= Nigerian Tulip International Colleges =

Nigerian university system

Nigerian Tulip International Colleges (NTIC) (formerly named Nigerian Turkish International Colleges), was established in 1998 and is managed by First Surat Group. The academy is located in the Federal Capital Territory Abuja, Lagos, Ogun, Kano, Kaduna, and Yobe States. First Surat group, invests in the fields of education and health. This company manages a number of institution in Nigeria such as Galaxy University Preparatory Center, Nigerian Tulip International Colleges, NTIC Foundation, and Nizamiye Hospital..The current managing Director of NTIC is Feyzullah Bilgin

==The school background==
The teaching and learning system is supported by social and educational activities in the academic year. This is displayed in competition such as Math competition, Science Fair, Mothers’ Day, End of the Year Programme, and so on.
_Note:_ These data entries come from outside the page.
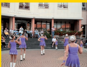
Les Alyzées devant la maison de retraite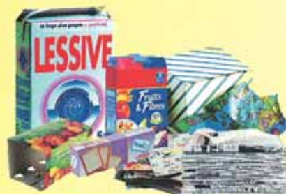
Les papiers et les cartons

Les bouteilles et flacons plastiques ainsi que les briques alimentaires peuvent être écrasés . Merci de laisser les bouchons sur les bouteilles pour qu'ils soient recyclés.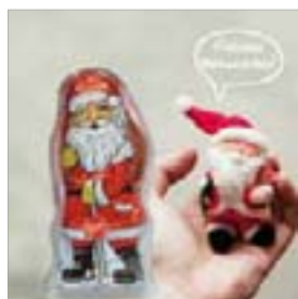
Motiv-Nr.: 92549 - Plüschnikolaus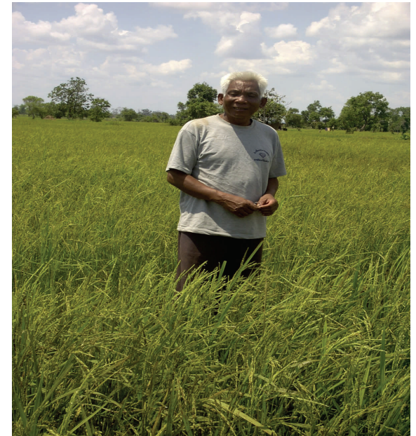
ເອກະສານ ປະກອບການຝຶກອົບຮົມ 16: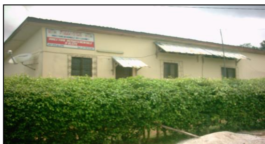
Photo n° 1 : Habitation coloniale réhabilitée. Local du ministère de la construction et de l'urbanisme. Photographie : Adomon, Août, 2009

Ensuite le quartier commerce où les habitats contigus les uns aux autres sont du type évolutif alors qu'au quartier résidentiel et au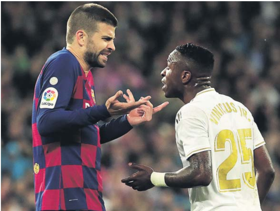
Discusión entre Gerard Piqué y Vinícius Jr. durante el Clásico del Bernabéu.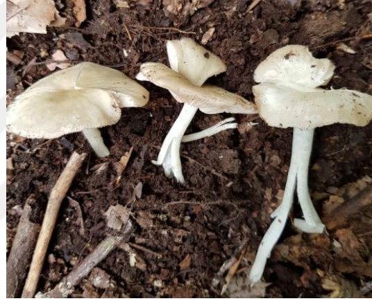
Şekil 4.46. Psathyrella candolleana 'un bazidiyokarları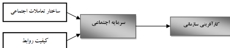
شکل شماره‌ی سه - مدل مفهومی تحقیق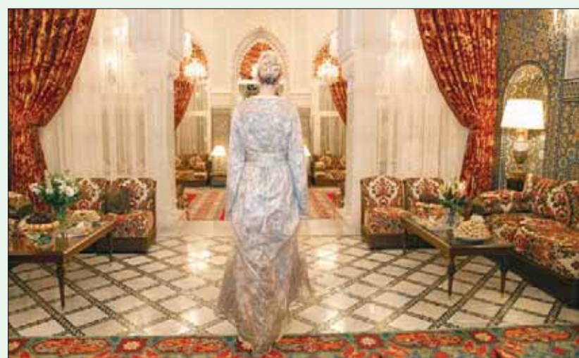
... وقطعنا من تصميم المغربية فضيلة الكادي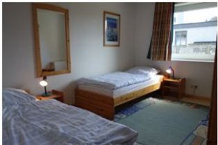
Großes Kinderzimmer mit 2 Einzelbetten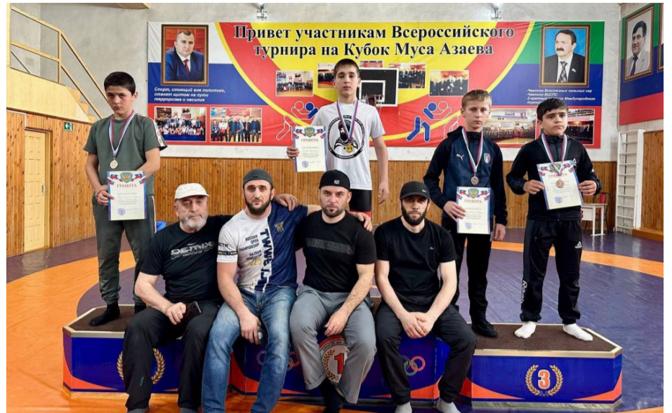
лалтур рахъалдасан, грамотабаздальун ва медалаздальун кюдо гъаруна.

Призалулаб баклал росарал глсинал гугарухъаби, М.Пазаевасул спортшко-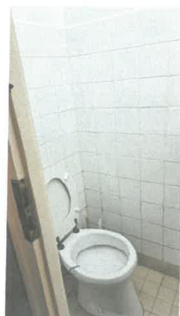
Dobó tér 9. mellékhelyiségek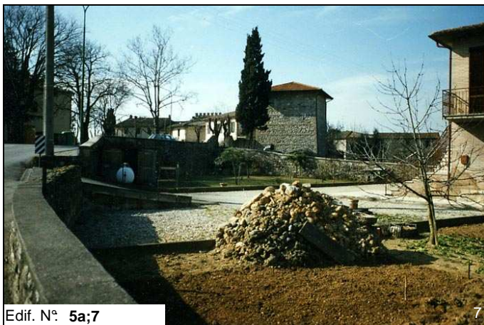
Edif. N° 5a;7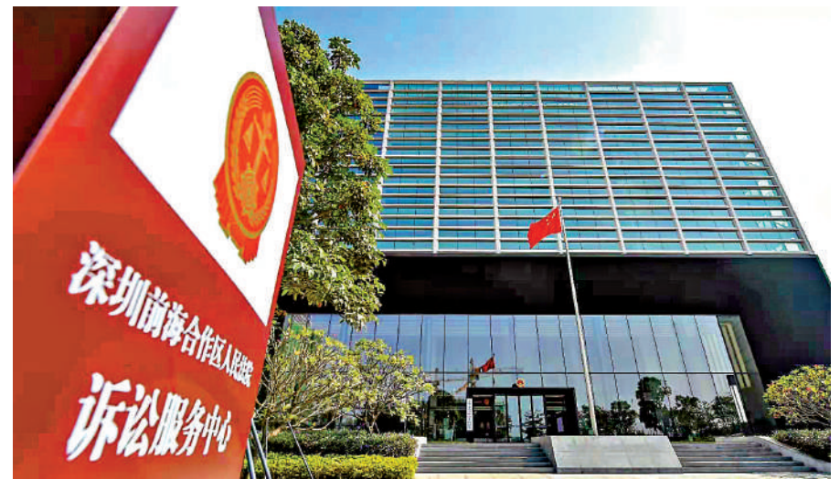
▲深圳前海合作區人民法院訴訟服務中心。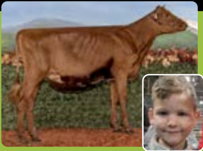
MARILIE AUTOGRAPH MONROE Émile Poirier, CJR Lévrard-Becquets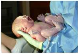
Születés - keresztség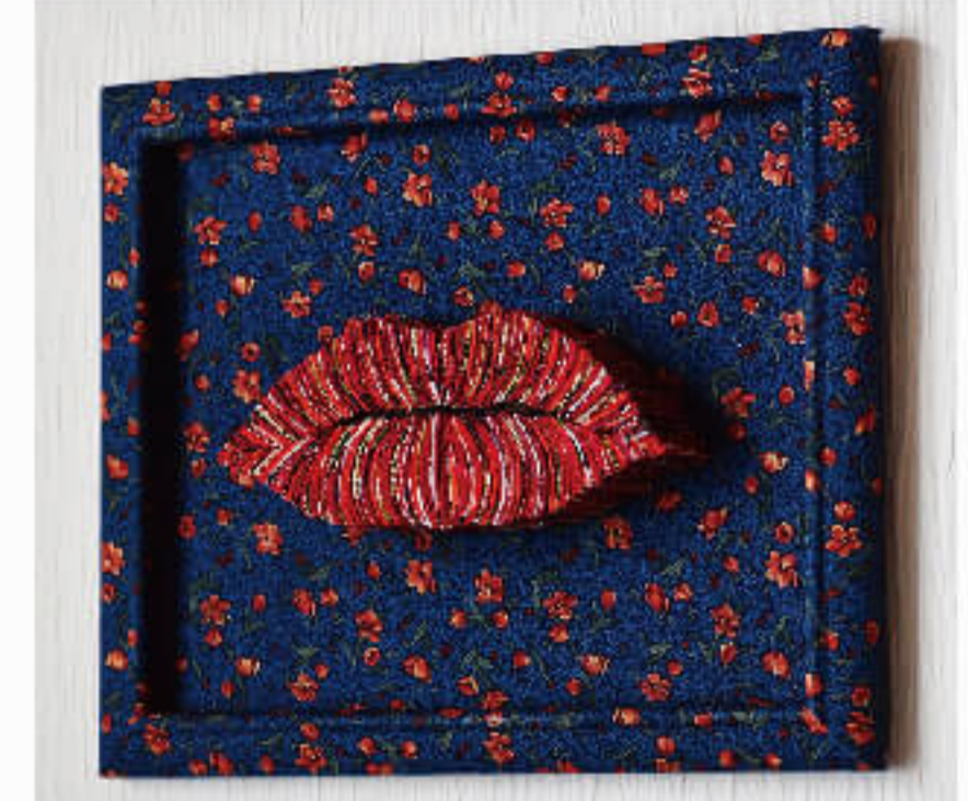
山本 圭子 B Yamamoto Keiko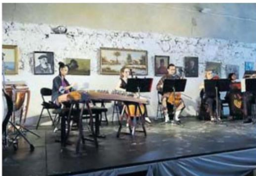
Un concert a été proposé au château de Saint-Guiraud dans le cadre des Musicales des Coteaux de Gimone.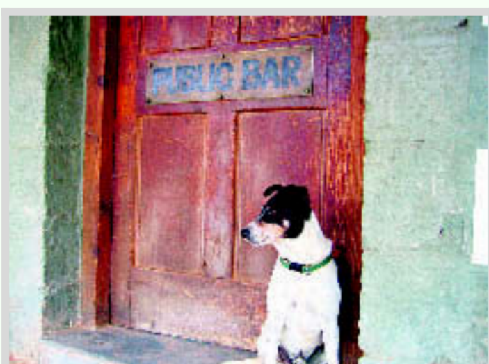
■ Van mooie vrouwen heb je in Betoota geen last...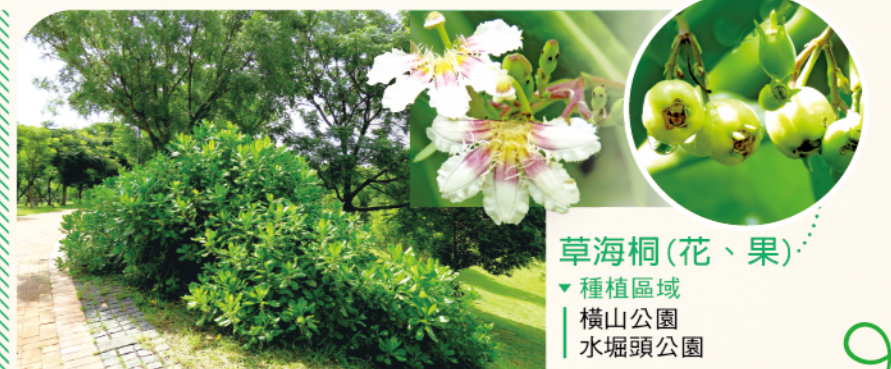
草海桐(花、果) ▼種植區域 | 橫山公園 | 水堀頭公園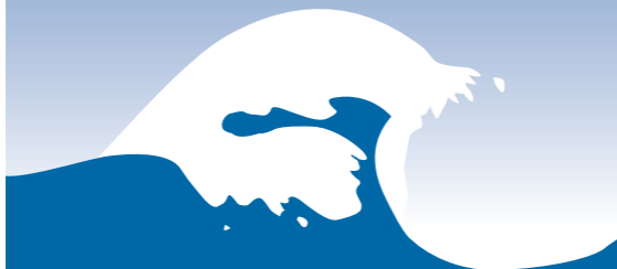
TABLA DE MAREAS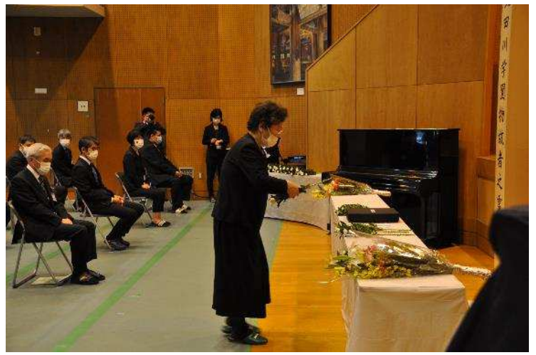
献花（各保護者会役員）

At the end of each academic year, excursion to Turkey and other countries are organized for students.

To help weak students, supplementary lessons are arranged on Saturdays in major subjects

In its 14th year of establishment NTIC has produced outstanding students that have represented Nigeria in International Science competitions winning gold, silver or bronze medals.

In 2017, the school was attacked by gunmen, who kidnapped five students and three staff members.

== Graduation ==
In 2010 the Ogun state chapter of the school celebrated her fifth year of establishment with graduation ceremony. In 2013, the school was listed among the most expensive private schools in Nigeria.